*WHAT TO PRODUCE*: Transcribe everything in the listing below exactly, except the pictures.

*PROVIDED MATERIAL*:
# # # #
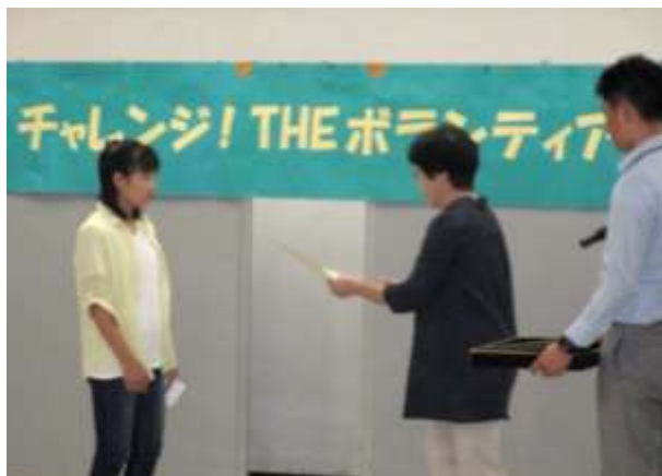
10回以上ボランティア体験をした「優良ボランティア」を表彰しました。
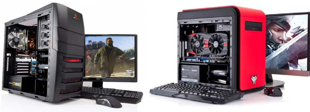
ภาพที่ 9.6 เครื่องคอมพิวเตอร์แบบประกอบเอง

เครื่องคอมพิวเตอร์ลักษณะนี้เหมาะกับผู้ใช้งานที่ต้องการความพิถีพิถันในการเลือกซื้อชิ้นส่วนอุปกรณ์คอมพิวเตอร์ต่าง ๆ เอง เพื่อจ้างประกอบ หรือประกอบด้วยตนเอง เพื่อให้ได้เครื่องคอมพิวเตอร์ที่มีราคาไม่แพงและมีคุณสมบัติตรงตามความพอใจของผู้ใช้มากที่สุด การเลือกซื้อเครื่องคอมพิวเตอร์ลักษณะนี้ ผู้ใช้ต้องมีความรู้ความชำนาญเกี่ยวกับชิ้นส่วนอุปกรณ์คอมพิวเตอร์ต่าง ๆ อยู่บ้างพอสมควร แต่ในปัจจุบันร้านจำหน่ายอุปกรณ์คอมพิวเตอร์จะมีบริการจัดชุดคอมพิวเตอร์ให้ครบชุดเพียงแต่ลูกค้าบอกความต้องการในการนำไปใช้งานและงบประมาณที่ตั้งไว้
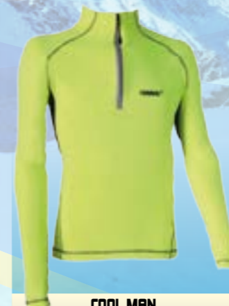
COOL MAN 88%POLYAMID 12%ELASTAN NEÓNOVÁ ♂ M L XL XXL ART. 85665
# # # #
*WRITTEN ANSWER*:
10回以上ボランティア体験をした「優良ボランティア」を表彰しました。
ภาพที่ 9.6 เครื่องคอมพิวเตอร์แบบประกอบเอง

เครื่องคอมพิวเตอร์ลักษณะนี้เหมาะกับผู้ใช้งานที่ต้องการความพิถีพิถันในการเลือกซื้อชิ้นส่วนอุปกรณ์คอมพิวเตอร์ต่าง ๆ เอง เพื่อจ้างประกอบ หรือประกอบด้วยตนเอง เพื่อให้ได้เครื่องคอมพิวเตอร์ที่มีราคาไม่แพงและมีคุณสมบัติตรงตามความพอใจของผู้ใช้มากที่สุด การเลือกซื้อเครื่องคอมพิวเตอร์ลักษณะนี้ ผู้ใช้ต้องมีความรู้ความชำนาญเกี่ยวกับชิ้นส่วนอุปกรณ์คอมพิวเตอร์ต่าง ๆ อยู่บ้างพอสมควร แต่ในปัจจุบันร้านจำหน่ายอุปกรณ์คอมพิวเตอร์จะมีบริการจัดชุดคอมพิวเตอร์ให้ครบชุดเพียงแต่ลูกค้าบอกความต้องการในการนำไปใช้งานและงบประมาณที่ตั้งไว้
COOL MAN 88%POLYAMID 12%ELASTAN NEÓNOVÁ ♂ M L XL XXL ART. 85665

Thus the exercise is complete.